– Вот бы его хоть раз увидеть.
– Что?
– Ту их страну. Пальмы, солнце, львы. Ну, знаешь. Пустыни, пирамиды.
– Скорпионы, мантикоры, ифриты, гиены, стервятники, джинны, вши, заржи, москиты и малярия.
Алитэ показала брату язык.
В последний миг он сумел удержаться, не состроил ответную рожу. Нужно с этим кончать, я уже не ребенок. Разве стратегос дурит на людях, разве препирается с сестрой? Стратегос сохраняет возвышенное молчание.
Конечно, это тоже было несколько инфантильно. Разве дети не играют именно в стратегосов и аресов, кратистосов и королей, разве не притворяются серьезными – и тем смешнее они в этом притворстве? А значит, стыда не избежать: хоть покорится инстинкту, хоть воспротивится ему. Он отвел взгляд, быстро смаргивая.
Тем не менее он помнил, что столь часто повторяла ему мать. Особенно когда он жаловался, что они всюду опаздывают из-за ее бесконечного сидения перед зеркалом – и это был ее любимый ответ, произносимый уже совершенно не задумываясь, но все же не менее истинный в своей банальности.
– Характер рождается из выработанных привычек. Кого бы ты ни изображал, лишь бы достаточно последовательно, тем, в конце концов, и станешь. Это отличает нас от зверей и существ низших, их Форма всегда происходит извне, сами по себе они не умеют изменяться. – Она улыбалась ему в отражении, в серебре, над своим плечом. – Не стони; прояви терпение. Красивую женщину всегда ждут.

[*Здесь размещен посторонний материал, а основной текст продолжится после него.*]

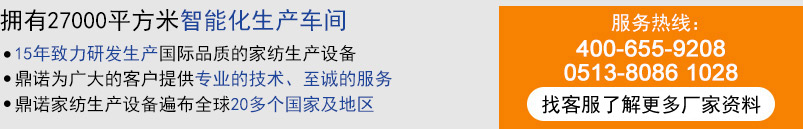 我司-江蘇鼎諾機(jī)電有限公司,家紡設(shè)備源頭制造商!憑借地處南通國際家紡城-行業(yè)產(chǎn)業(yè)帶的地理優(yōu)勢,潛心經(jīng)營十余載,專業(yè)服務(wù)中大型家紡生產(chǎn)企業(yè)1000+,積累了豐富的技術(shù)儲(chǔ)備【ISO9001/CE雙認(rèn)證】。
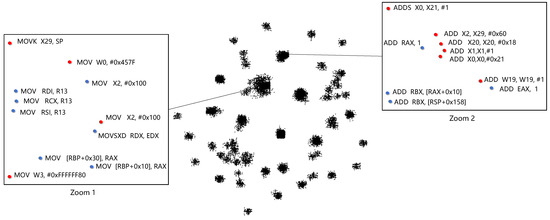 In this subsection, we show the relevance of instructions from different ISAs, AMD64 and AArch64 using GeneDiff. First, we use the training dataset to train the representation model; the dimension of the instruction vector d is 100, and the number of iterations ( i t e r a t i o n ) is 50. Then, we extract the numeric vectors of the combinations of VEX instructions from the trained model and establish a map M: assembly instructions → combinations of VEX instructions → vectors. After obtaining the numeric vectors for each assembly instruction via the map M, we utilize T-SNE [31] for visualization. T-SNE can map high-dimensional vector spaces into two dimensions via nearest neighbour approximation, where a smaller geometric distance indicates a higher lexical semantic similarity. Figure 7 shows the relationship between assembly instruction vectors mapped onto a two-dimensional space. From Zoom 1 in Figure 7, the numeric vectors of the m o v family instructions from different ISAs are mapped together in two-dimensional space. In zoom 2, the numeric vectors of the a d d family instructions from different ISAs are also grouped together in two-dimensional space.
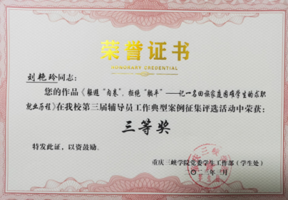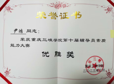 近日,我院辅导员杨楠荣获2022年重庆三峡学院“优秀辅导员”称号,辅导员尹鸿荣获重庆三峡学院第十届辅导员素质能力大赛优胜奖,辅导员刘艳玲荣获学校第三届辅导员工作典型案例三等奖、辅导员朱希敏荣获学校第三届辅导员工作典型案例优秀奖。三项荣誉的获得,充分反映出我院学工队伍是一支有担当、有能力、信得过的队伍。土木学工人将继续保持良好状态,工作上戒骄戒躁,发扬吃苦耐劳精神,奋发向上,砥砺前行,将学生工作做实做细。
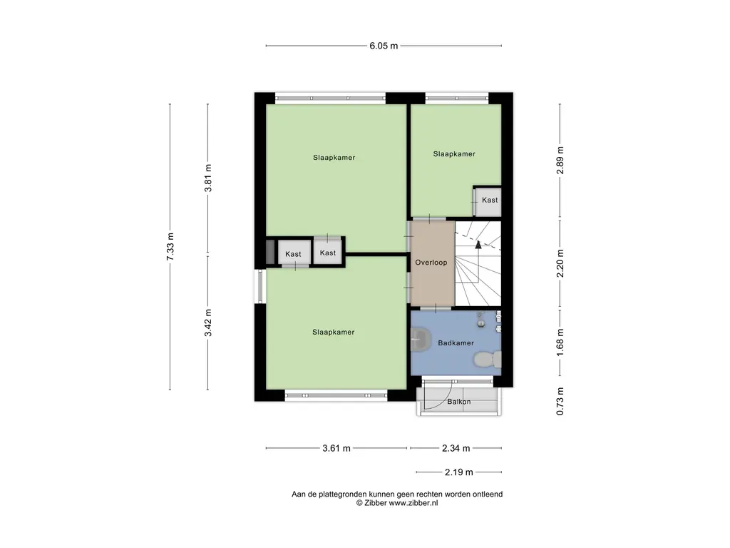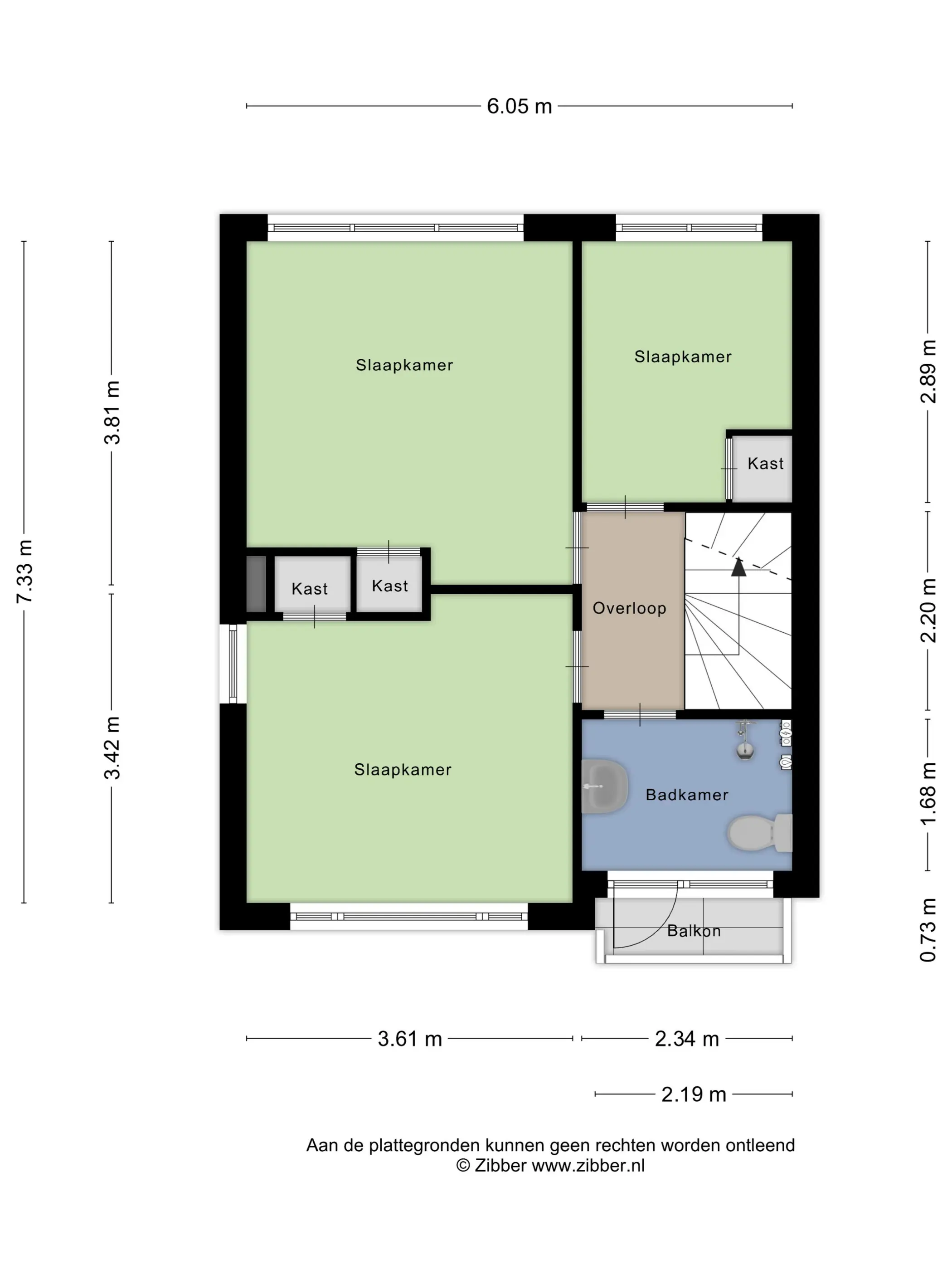 Op de eerste verdieping bevinden zich drie slaapkamers. De kamers zijn functioneel en momenteel voorzien van inbouwkasten. De badkamer is praktisch ingericht met een toilet, douche en wastafel en is toe aan vernieuwing. Vanuit de badkamer is er toegang tot het balkon, gelegen op het zuidoosten.

Мать выработала в себе привычку к красоте. Не позволяла себе ни мига невнимательности. Даже когда не собиралась никуда с официальным визитом, ни на какой прием или бал, даже когда сама не принимала гостей – ни на волос не отступала от заранее запланированного помышления себя. И ее красота никогда ей не изменяла. Авель так и не переборол в себе оной набожной робости, с каковой входил в детстве в ее комнаты. Спальня, гардеробная, ванная, кабинет – здесь ее антос въедался глубже всего. Воздух всегда пронизывала характерная смесь запахов, дразнящих и тошнотворных, душная поволока ароматов экзотических парфюмов и цветов, наполнявших вазы на подоконниках. Сам свет здесь становился иным – более мягким и затемненным. Звуки сразу же умирали, заглушенные. Тут не существовало ни прямых углов, ни острых граней. Все предметы или оказывались на самом деле деликатными конструкциями из множества отдельных элементов, либо на множество мелких безделушек распадались, по крайней мере, находились посредине этого процесса, растрепанные, расчлененные, потерявшиеся в собственных орнаментах. Мать являлась меж ними в шелесте кружевных платьев, предшествуемая размытым отсветом от их ярких красок и одуряющим запахом своих парфюмов, черноволосая королева, кратиста его сердца. Что же он мог поделать пред лицом такой Формы?